Diagram 2: MPU/CODEC system

To playback audio, the software continuously writes to the CODEC. To record audio, the software continuously reads from the CODEC. The most important difference between this setup and the raw ADC/DAC setup is that now the software can read and write in bursts. Synchronous serial interfaces usually feature buffered I/O so that the software can read or write 2, 4, 8 or more samples at a time thus giving the software an easier time constraint to work within.

For example, suppose that we have a system where the synchronous serial interface has a 4-position FIFO, and we want to play audio at a sampling rate of 44.1 kSa/s. After we fill the FIFO, we have from 22.7 to 90.7 µs to refill the FIFO with 1 sample to 4 samples, respectively. That's a much easier requirement to meet than having to service a DAC every 22.7 µs exactly.

It's a Tradeoff

The decision to use or not to use a hardware CODEC is still a tradeoff between performance and cost. If you are designing a toy with a sampling rate of 8 kSa/s and cost constraints are paramount, you may not need nor want a CODEC. However, when designing a higher-end system, a hardware CODEC provides many features and benefits that are well worth the price.

Base2, Digital Audio, and You

Are you thinking of incorporating digital audio into your next device? Do you need help selecting an audio algorithm or designing a digital audio player or recorder? Base2 Software Design is your source for digital audio expertise. With years of experience in digital audio, embedded systems software, and audio theory and practice, we can help you make your product sound its very best. For more information on what we can do for you, please contact Michael Miu at 510/745-7773 or e-mail him at mailto:mmiu@base2software.com?Subject=Digital%20Audio.

Programmer's Corner - Linear Interpolation

The problem: you've got a waveform sampled at 11.025 kSa/s, but the digital output is set to 44.1 kSa/s. What can you do? One thing you can try is playing each sample 4 times. If you try this, though, you'll find that this sounds terrible. An easy solution is linear interpolation.

Interpolation is filling in the blanks between the known data points. There are many techniques, but linear interpolation is the easiest.

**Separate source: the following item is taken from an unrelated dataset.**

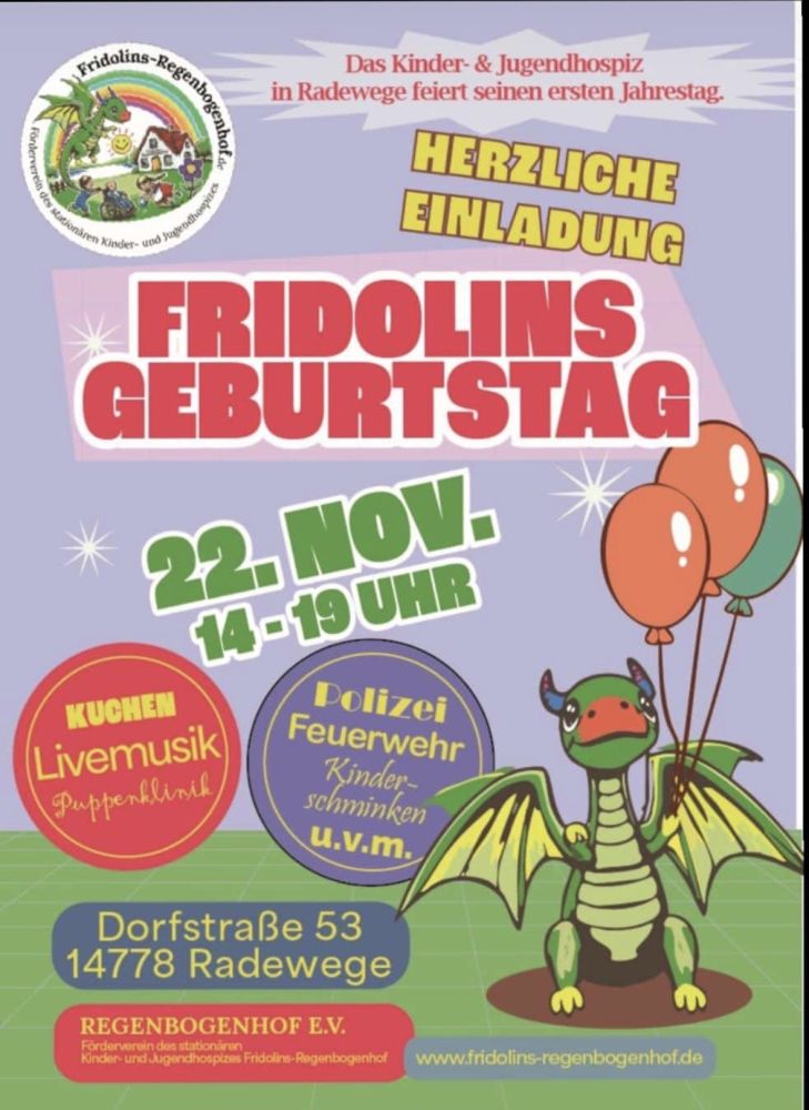 Die AllStars sind am kommenden Sonnabend (22.11.2025) Teil des Programms der Geburtstagsparty des Kinder - und Jugendhospiz in Radewege. Für den Regenbogenhof e.V. lief im vergangenen Jahr die Spendenaktion von Familie Weichsel.

It assumes that the relationship between each contiguous point is linear. In the case of our example, the following code would do the trick.

    Name:   unsigned int Interpolate11to44( short * outBuf, short * inBuf,
            int numSamples );
         This routine interpolates a buffer of 11.025 kSa/s audio to a
         buffer of 44.1 kSa/s audio or indeed any sampling conversion where
         you need a 4:1 ratio. It works with 16-bit sample sizes.
         short * outBuf  -   The 44.1 kHz output buffer. Must be
                             4X bigger than inBuf.
         short * inBuf   -   The 11.025 kHz input buffer.
         int  numSamples -   The number of samples to interpolate.
         unsigned int    -    The number of samples in outBuf.
short prevSample = 0;
unsigned int
Interpolate11to44( short * outBuf, short * inBuf, int numSamples )
    long i, j;
    for ( i = 0; i < numSamples; i++ ) {
        for ( j = 0; j < 4; j++ )
            outBuf[i*4 + j] = prevSample + ((long) inBuf[i] - (long) prevSample) *
                              j / 4;

        prevSample = inBuf[i];
    return numSamples * 4; 

The global prevSample should be initialized once per session. The routine Interpolate11to44() can then be called multiple times in succession to interpolate a long piece of audio.